═════ Data extracts

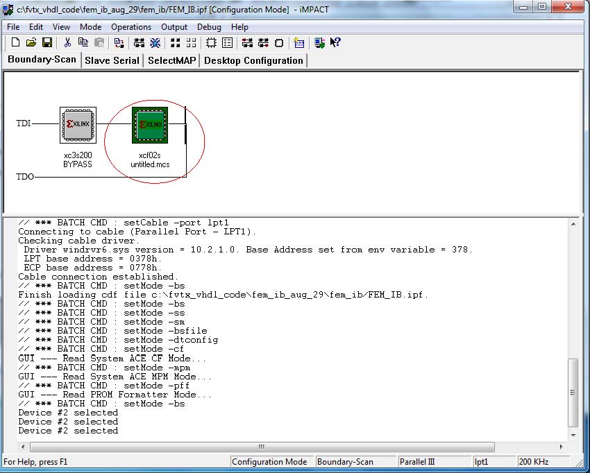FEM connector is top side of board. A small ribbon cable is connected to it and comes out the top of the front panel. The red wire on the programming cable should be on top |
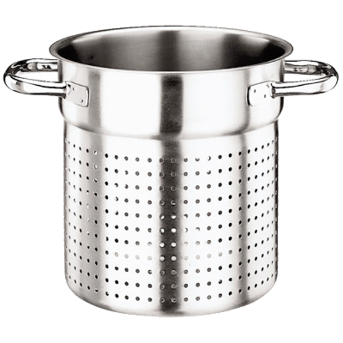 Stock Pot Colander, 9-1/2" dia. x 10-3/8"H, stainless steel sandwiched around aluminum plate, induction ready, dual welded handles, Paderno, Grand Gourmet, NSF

══════════
═════ Data extracts

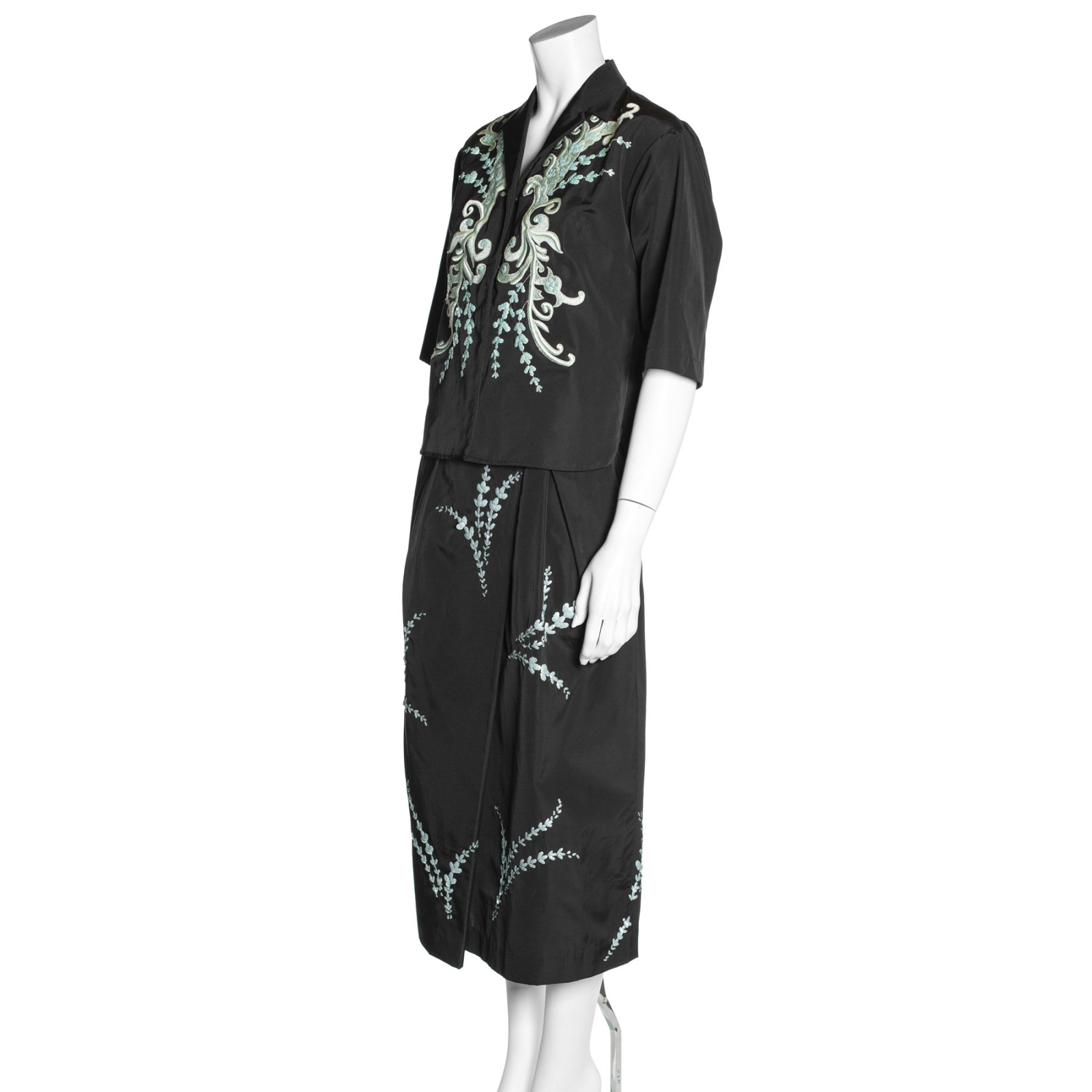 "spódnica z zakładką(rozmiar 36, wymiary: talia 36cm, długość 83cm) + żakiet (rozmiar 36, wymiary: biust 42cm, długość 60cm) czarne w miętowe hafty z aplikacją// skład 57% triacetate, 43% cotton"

══════════
═════ Data extracts

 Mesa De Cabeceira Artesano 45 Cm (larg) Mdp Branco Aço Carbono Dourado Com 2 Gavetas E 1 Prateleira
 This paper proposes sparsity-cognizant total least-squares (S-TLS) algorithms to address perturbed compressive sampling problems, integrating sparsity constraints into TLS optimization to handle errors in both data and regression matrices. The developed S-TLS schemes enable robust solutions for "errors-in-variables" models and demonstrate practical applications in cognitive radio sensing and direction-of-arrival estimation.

══════════

Of the lines above, output exactly those from the line bearing "Mesa De Cabeceira" through the line bearing "This paper proposes", inclusive.

Task output
 Mesa De Cabeceira Artesano 45 Cm (larg) Mdp Branco Aço Carbono Dourado Com 2 Gavetas E 1 Prateleira
 This paper proposes sparsity-cognizant total least-squares (S-TLS) algorithms to address perturbed compressive sampling problems, integrating sparsity constraints into TLS optimization to handle errors in both data and regression matrices. The developed S-TLS schemes enable robust solutions for "errors-in-variables" models and demonstrate practical applications in cognitive radio sensing and direction-of-arrival estimation.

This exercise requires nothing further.